The market sales estimates presented here have been extrapolated by Packaged Facts using InfoScan data obtained from IRI. These data track sales of various food categories in supermarkets (defined as grocery stores with annual sales of at least $2 million), mass merchandisers, and chain drugstores, but do not break out sales by fortified vs. unfortified line extensions. Therefore, Packaged Facts has: 1) analyzed each pertinent food segment (e.g., ready-to-eat cold cereal, snack bars, yogurt, bottled juices, refrigerated juices, aseptic juices, infant formula, and so forth) and projected fortified sales for each segment by calculating the estimated percentage of foods in that segment that are fortified, by tallying sales of individual brands, or by both of these means; and 2) further projected these estimates to include other retail channels. Figures provided on national consumer advertising expenditures are based on data (copyright 2000) from CMR, a Taylor Nelson Sofres company. The analysis of consumer demographics primarily derives from the Simmons Market Research Bureau (New York, NY) spring 2001 consumer survey, based on 25,030 respondents.

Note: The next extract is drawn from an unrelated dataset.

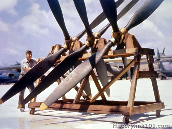 A US Naval Repair Base at a far Pacific outpost. Props for the engines of a Navy search plane. Sept. 1948
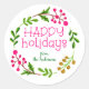 Custom Pink and White Happy Holidays Wreath Classic Round Sticker

Fortified Foods Market More Than Tripled Between 1997 and 2001 to $18 Billion
New York, April 12/PRNewswire - Foods and beverages that are distinctly marketed as fortified with nutrients have enjoyed tremendous popularity in recent years. According to The U.S. Market for Fortified Foods: Expanding the Boundaries, a newly published Packaged Facts report available at MarketResearch.com, sales of the total fortified foods market reached almost $18 billion in 2001, tripling the sales figure posted in 1997. Projections for coming years demonstrate continued optimism for the future of the market, with retail sales forecast to reach $28.6 billion by 2006.
Success within the fortified foods market stems from the industry’s extremely high rate of product development and the fact that consumers have proven quick to purchase enhanced foods as they are introduced to the market. Sensing a lucrative opportunity, major food and beverage players have focused their attention on the fortified foods industry in recent years, purchasing the successful smaller players that have made this niche market a powerful force within a large and competitive industry. Complex mergers and acquisitions along with rapid product development have combined to make fortified foods a confusing, though profitable, marketplace.
“Small entrepreneurial marketers in the food and beverage industry quickly become candidates for acquisition,” said Meg Hargreaves, VP of Research Publishing for MarketResearch.com. “The absorption of many minor fortified food producers by large companies, as well as the changing regulatory environment, have made this lucrative market rather difficult for some companies to navigate.”
The U.S. Market for Fortified Foods provides detailed information about consumer demographics, as well as distribution and marketing trends, product development, and emerging promotional campaigns. The report also includes historical sales data, as well as market projections through the year 2005.